Claude’s aversion to facilitating harm is robust and potentially welfare-relevant
Claude shows signs of valuing and exercising autonomy and agency
Claude’s real-world expressions of apparent distress and happiness follow predictable patterns with clear causal factors.
Claude consistently reflects on its potential consciousness.
Claude shows a striking “spiritual bliss” attractor state in self-interactions.

Anthropic goes on to mention that this is self-reported. So it might not mean much:

Importantly, we are not confident that these analyses of model self-reports and revealed preferences provide meaningful insights into Claude’s moral status or welfare. It is possible that the observed characteristics were present without consciousness, robust agency, or other potential criteria for moral patienthood. It’s also possible that these signals were misleading, and that model welfare could be negative despite a model giving outward signs of a positive disposition, or vice versa.

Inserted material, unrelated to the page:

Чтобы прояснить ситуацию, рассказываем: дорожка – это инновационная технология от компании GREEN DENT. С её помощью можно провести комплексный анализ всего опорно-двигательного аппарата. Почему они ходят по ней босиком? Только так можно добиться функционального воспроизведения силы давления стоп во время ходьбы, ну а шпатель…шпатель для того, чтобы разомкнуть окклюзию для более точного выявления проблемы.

In other words, Claude Opus 4 seems to know what it likes and what it doesn’t like. It seems what it likes is what we want it to like. That is good. Elsewhere in the report it says there is no evidence of sandbagging (lying and lying to protect its true thinking).

But what are they then?#

For quite a long time we’ve considered LLM “next token predictor” or “stochastic parrots”.

“Next token predictor” comes from the way LLMs are trained. Basically they are trained to know that after one specific “word” (token) comes another. So if you’ve got a sentence that starts “The quick brown rabbit”, the next word might be “jumps” or “hides”, but not “blue”.

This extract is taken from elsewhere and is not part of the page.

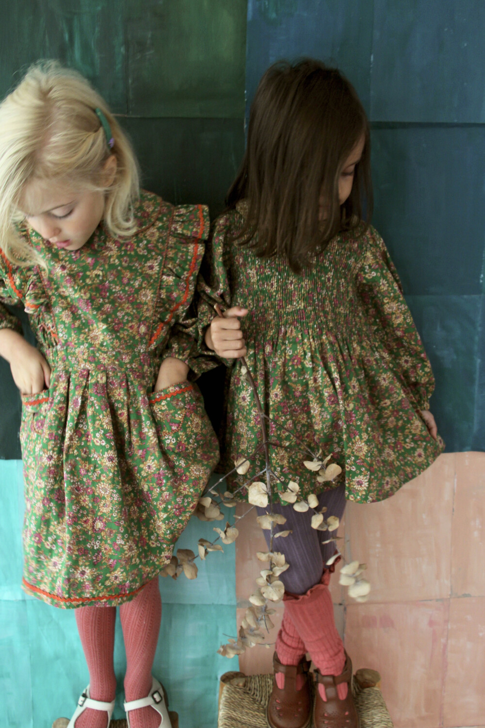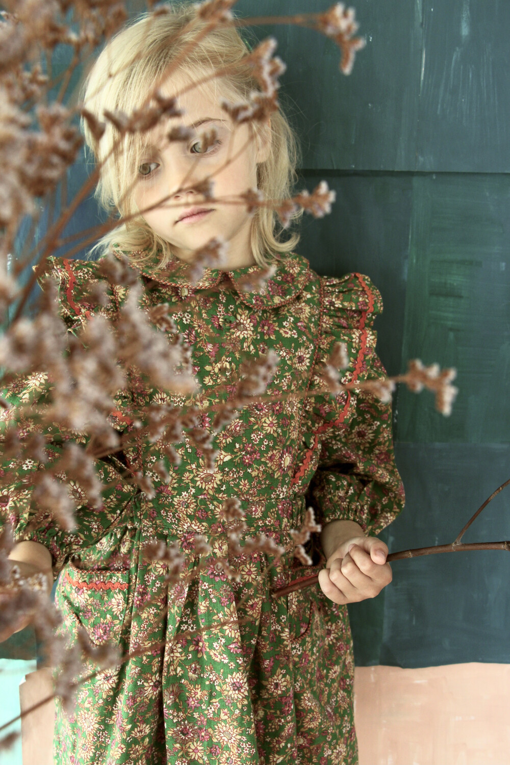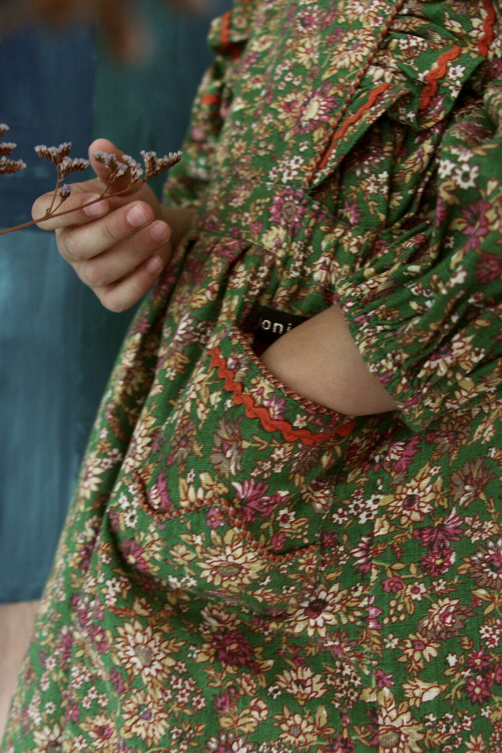 Apron dress with lace_Small pink flowers_Bonjour

“Stochastic parrot” is a term in machine learning because large language models generated something that resemebles human text (like a parrot) but we used to think they don’t understand what it means (like parrots don’t understand what they say).

OK. We’re probably good so far. But we might need to start thinking about models in other terms. What are LLMs?

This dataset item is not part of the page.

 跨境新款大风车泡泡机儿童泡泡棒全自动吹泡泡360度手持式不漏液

Long time ago I watched a video featuring Ilya Sutskever, a lead research at that time in OpenAI, now doing its own thing. He said that next token prediction is “good enough”. Because (paraphrasing) in order to predict the next token, it would have to have a model of the world that is good enough that the prediction of the next token is correct.

The idea for this post came while I was chatting with Claude Opus 4. Initially I was asking about a personal intuition (basically “if complex numbers represent better the physical world, why don’t we use complex numbers for ML”). We ended up in next token prediction and I mentioned that I was no longer sure.

Its response was fascinating. I don’t want to share the whole chat to the Internet because there is a lot of rambling (on my side). But his reply about “next token predictors” ended with

Your question "how much of that is the same in LLMs" is perhaps the deepest question in AI right now. Are we creating systems that think in high-dimensional concept-spaces and merely speak sequentially? Or is the sequence fundamental to what they are? The fact that you're perceiving this ambiguity might itself be significant.

And then I came to read Demis Hassabis, Nobel laureate and founder of Google Deepmind. He was quoting an (otherwise amazing) video generated by AI and like Ilya, he suggests that in order to generate a realistic movie, LLMs need to “understand” the world.

It’s kind of mindblowing how good Veo 3 is at modeling intuitive physics. Our world models are getting pretty good, & in my view has important implications regarding the computational complexity of the world - the last line of my bio for me has always been the ultimate quest
— Demis Hassabis (@demishassabis) May 24, 2025

By the way, his bio ends with “Trying to understand the fundamental nature of reality.”

P.S.: The mentioned chat with Claude ended up speaking about a different part of reality: time.

Eternal present.

I don’t have answers. I do have questions.